Recently, the international community has seen intensified efforts to address this exact issue. Microsoft is collaborating with the United Nations to develop Rights View, which will allow UN human rights staff to accumulate large quantities of data on specific rights violations in real time. In addition, OCHA has opened a Centre for Humanitarian Data, and agencies like NASA and NOAA have been using technology to predict massive natural disasters, such as hurricanes. Furthermore, the World Economic Forum has co-hosted a workshop to discuss civil society and technology with the UN and Microsoft. These discussions yielded the creation of the Partnership on AI, an example of public-private collaboration to address the crisis.
Although these are admirable and promising steps in the right direction, everyone seems to be in agreement that we still are not doing enough.
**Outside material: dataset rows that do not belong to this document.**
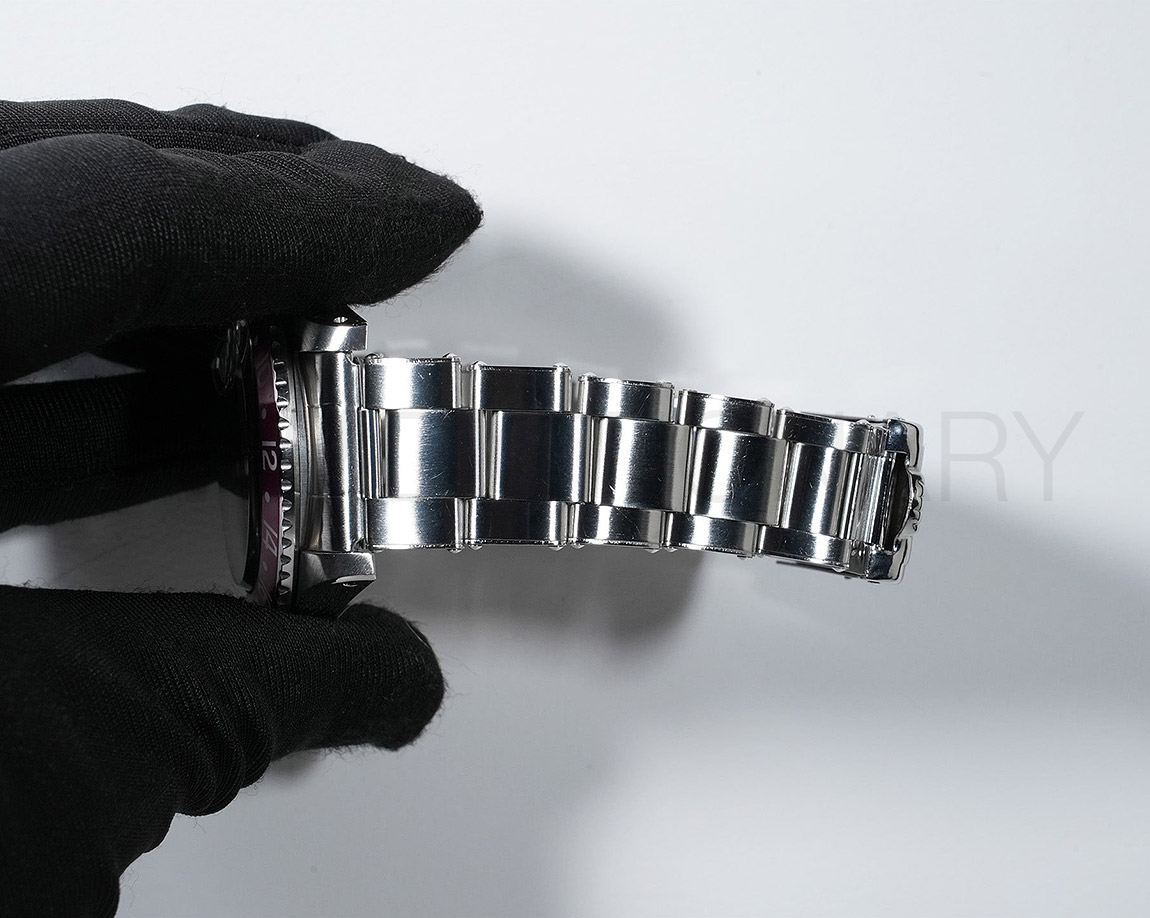 使用によるスレ、小キズがございますが、ケースは太くしっかりとしており、リベットブレスのコンディションも抜群に良い状態を維持しております。年代の合ったダイヤルも非常に良い状態で夜光はオールトリチウムになります。綺麗なフクシアインサートが魅力的でパーツの整合性も取れたオススメ個体です。
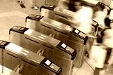 people going through the turnstile in the subway
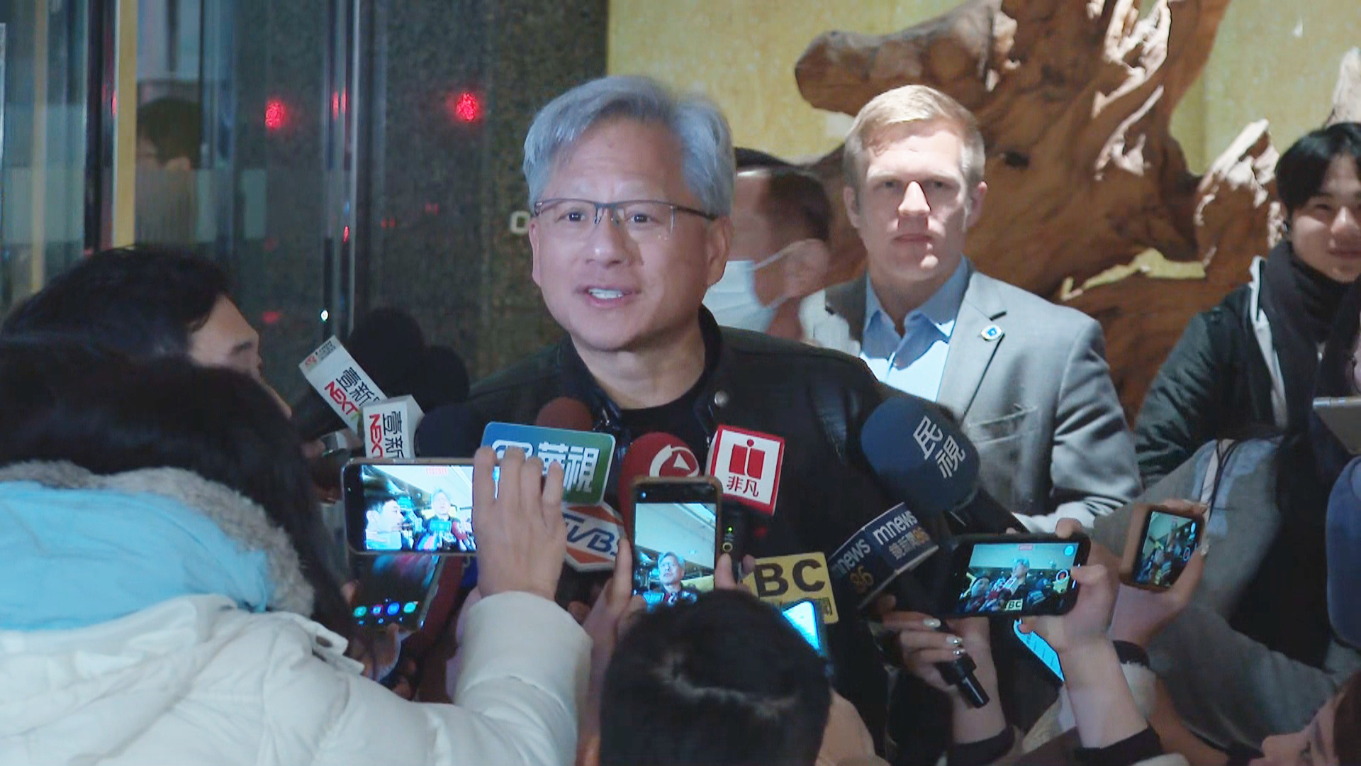 2025-01-18 20:29:39輝達執行長黃仁勳,今天(((18日)))中午宴請台灣供應鏈合作夥伴,超過30位董總出席,總市值超過新台幣百兆元。包括台積電董事長魏哲家、廣達董事長林百里、鴻海董事長劉揚偉等人。餐敘後,黃仁勳親自送魏哲家上車,兩人也接受媒體短暫訪問。
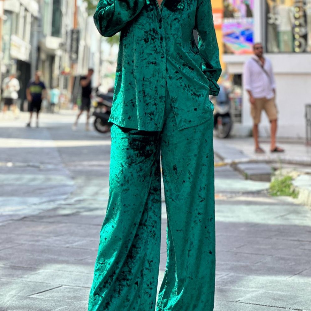 176103 TOPTAN ZÜMRÜT YEŞİL PANTOLON TAKIM

We need targeted, comprehensive policies on both the national and international levels to address the issues of data discrimination, privacy, hate speech and extremist content, transparency, and child rights. Leaders are now calling for civil society, policymakers, and technology companies to take a greater responsibility in ensuring that human rights are at the core of future technological use and advancement. In the face of rapidly intensifying controversy and division, it seems high time we answer that call.